• Data entries
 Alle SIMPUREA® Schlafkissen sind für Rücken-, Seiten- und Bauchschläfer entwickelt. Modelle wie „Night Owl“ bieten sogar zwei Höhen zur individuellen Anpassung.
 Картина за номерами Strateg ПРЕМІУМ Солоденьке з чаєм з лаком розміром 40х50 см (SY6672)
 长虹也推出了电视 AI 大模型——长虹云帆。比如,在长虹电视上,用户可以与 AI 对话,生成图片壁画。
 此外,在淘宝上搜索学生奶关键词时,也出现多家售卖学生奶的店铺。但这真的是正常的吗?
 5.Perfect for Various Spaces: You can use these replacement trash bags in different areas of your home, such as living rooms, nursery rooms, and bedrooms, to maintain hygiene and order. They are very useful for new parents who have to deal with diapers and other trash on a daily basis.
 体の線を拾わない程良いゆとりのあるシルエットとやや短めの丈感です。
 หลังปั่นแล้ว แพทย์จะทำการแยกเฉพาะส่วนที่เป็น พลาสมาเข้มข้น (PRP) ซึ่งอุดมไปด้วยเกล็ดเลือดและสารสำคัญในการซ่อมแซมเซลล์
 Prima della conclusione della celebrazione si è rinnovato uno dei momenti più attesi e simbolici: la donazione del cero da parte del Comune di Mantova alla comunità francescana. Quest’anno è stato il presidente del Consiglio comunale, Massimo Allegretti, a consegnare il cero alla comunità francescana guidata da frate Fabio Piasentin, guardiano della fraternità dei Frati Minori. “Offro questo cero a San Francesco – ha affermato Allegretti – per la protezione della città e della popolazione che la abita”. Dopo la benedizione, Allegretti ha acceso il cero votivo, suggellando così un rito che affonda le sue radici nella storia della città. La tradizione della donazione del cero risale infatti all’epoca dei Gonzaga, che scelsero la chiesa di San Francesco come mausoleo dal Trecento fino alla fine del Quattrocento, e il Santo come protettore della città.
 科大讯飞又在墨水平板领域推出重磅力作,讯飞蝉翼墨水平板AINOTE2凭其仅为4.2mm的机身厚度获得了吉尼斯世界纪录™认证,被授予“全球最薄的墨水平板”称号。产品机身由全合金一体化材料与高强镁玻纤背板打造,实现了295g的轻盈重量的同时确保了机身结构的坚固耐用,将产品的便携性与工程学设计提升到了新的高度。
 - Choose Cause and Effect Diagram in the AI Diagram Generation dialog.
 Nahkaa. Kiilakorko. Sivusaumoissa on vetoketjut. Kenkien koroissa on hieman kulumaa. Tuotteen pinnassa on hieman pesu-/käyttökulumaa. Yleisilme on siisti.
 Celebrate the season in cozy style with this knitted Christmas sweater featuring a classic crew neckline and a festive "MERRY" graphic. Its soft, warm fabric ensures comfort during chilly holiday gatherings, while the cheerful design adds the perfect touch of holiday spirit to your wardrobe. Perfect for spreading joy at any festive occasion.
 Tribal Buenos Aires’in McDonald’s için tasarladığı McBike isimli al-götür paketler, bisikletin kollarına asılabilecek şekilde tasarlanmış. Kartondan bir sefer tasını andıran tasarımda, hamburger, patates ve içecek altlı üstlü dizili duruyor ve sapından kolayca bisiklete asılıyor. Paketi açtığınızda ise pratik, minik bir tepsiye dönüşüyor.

• What is expected
Above are the records. Copy the lines beginning at the one that has "- Choose Cause" and ending with the one that has "Nahkaa. Kiilakorko. Sivusaumoissa", unchanged.

• Problem solution
 - Choose Cause and Effect Diagram in the AI Diagram Generation dialog.
 Nahkaa. Kiilakorko. Sivusaumoissa on vetoketjut. Kenkien koroissa on hieman kulumaa. Tuotteen pinnassa on hieman pesu-/käyttökulumaa. Yleisilme on siisti.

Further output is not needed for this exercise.